A review by zelanator
Keeping Together in Time P by William H. McNeill

3.0

William Hardy McNeill argues in Keeping Together in Time that dance and close-ordered drill have played an integral role in human socialization throughout world history. He argues that dance/drill (or, "keeping together in time" with rhythmic movements) satisfies a subconscious, irrational, emotional need among humans and promotes subgroup affiliation, "fellow feeling," and communal bonding. McNeill's slim volume was based on a series of lectures he delivered in Europe. While his lectures focused primarily on the relationship between close-order drill and military effectiveness in world history, this volume tries to broaden the thematic analysis to early hunter-gatherer societies, ecstatic religious practice, politics, and war. McNeill does not try to provide definite answers to his hypothesized relationship between rhythmic movement and human bonding, but uses this book as a thought-piece to explore some potentialities for dance playing a prominent role in the rise of civilized humanity. I would suspect that many of his propositions have also become outdated as the evolutionary sciences upon which he bases some of his claims have surely progressed since the 1990s.

Nevertheless, I find the implications of his research intriguing for twentieth-century military history. McNeill proposes that close-order drill plays a prominent role in establishing communal bonding and a sense of comradeship among those who participate in rote exercises during basic training. McNeill remembers experiencing similar feelings of "muscular bonding" [a term McNeill uses as short-hand to describe the increased sense of fellow feeling and subsumption of individual identity into the collective that occurs during sustained rhythmic movements] during his time in the service during the 1940s. In some time periods, McNeill speculates that the social bonds established through routine drill helped solidify bonds of comradeship before men were tested in battle—thus, primary-group cohesion (a.k.a "Band of Brothers") could occur before men ever experienced combat.

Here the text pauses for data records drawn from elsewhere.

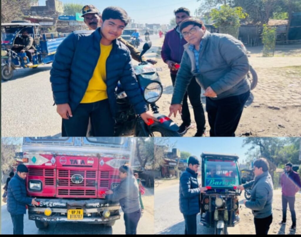 कुकरा खीरी।एक्सीडेंटो को गंभीरता से लेते हुए समाजसेवी डा आई ए ख़ान और उनका समाजसेवी बेटा केन्द्रीय विद्यालय के कक्षा आठ के छात्र दानियाल ख़ान ने सुरक्षा को ध्यान में रखते हुए गाड़ियों पर रेडियम लगाया।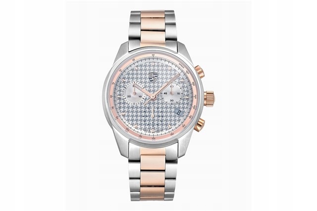 Chronograf z ekskluzywnej kolekcji Pepita wyposażony w analogowy mechanizm kwarcowy, wykonany z drobno szczotkowanej stali nierdzewnej, chronograf zachwyca polerowaną koronką i przyciskami z powłoką w kolorze różowego złota oraz wygrawerowanym herbem Porsche na tarczy. Szkło mineralne z szafirem i powłoką antyrefleksyjną chroni tarczę, na której znajduje się monochromatyczny nadruk 3D wzoru Pepita i herb Porsche. Ponadto wskazówki godzinowe i minutowe pokryte powłoką Superluminova zapewniają optymalną czytelność. Oprócz datownika umieszczonego na godzinie 4, chronograf oferuje trzy liczniki umożliwiające kompleksowy pomiar czasu: licznik sekund (godzina 3), chronograf 30-minutowy (godzina 9), chronograf godzinowy (godzina 6). Zapięcie motylkowe – ozdobione wygrawerowanym napisem Porsche – oraz napis „ Made in Germany” na godzinie 6 dopełniają ekskluzywnego wyglądu. W skrócie: dopracowane detale oraz idealne połączenie formy i funkcjonalności sprawiają, że chronograf Pepita to prawdziwy must-have dla wszystkich fanów wyścigów.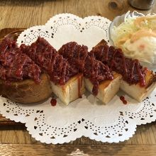 コンビーフ・トーストというのを初めてみたので頼んでみました。厚切りのパンにコンビーフ、そしてまさかのケチャップで、これがなかなか美味しい。添えてあるポテトサラダもおいしい。これでコーヒーとセットで700円ちょっとはとてもリーズナブルで嬉しいですね。

This leads to a few interesting questions about the U.S. Army in Vietnam. What happens, then, when recruits are separated from their basic training classes and sent overseas as individuals to replace casualties in active units? While these men would have experienced the "boundary loss" of individual identity during close-order drill and have likely cemented relationships with comrades through rote exercise and rhythmic movement, they surely lost these social benefits of basic training when they were spliced out from basic platoons and sent overseas. As McNeill indicates, it is difficult to quantify or precisely define how dance and drill played a particular role in socialization (especially when abstracted as a general theme in world history) when separated from the plethora of other factors at play. Nevertheless, it would seem that the "muscular bonding" that occurs during basic training certainly played some role in the relative psychological and social well-being of soldiers shipped overseas with their training cohort and those sent abroad as individual replacements.

On the whole, I probably wouldn't recommend this book to most readers, aside from some niche specialties among military historians and world historians . . . and, of course, fans of William H. McNeill.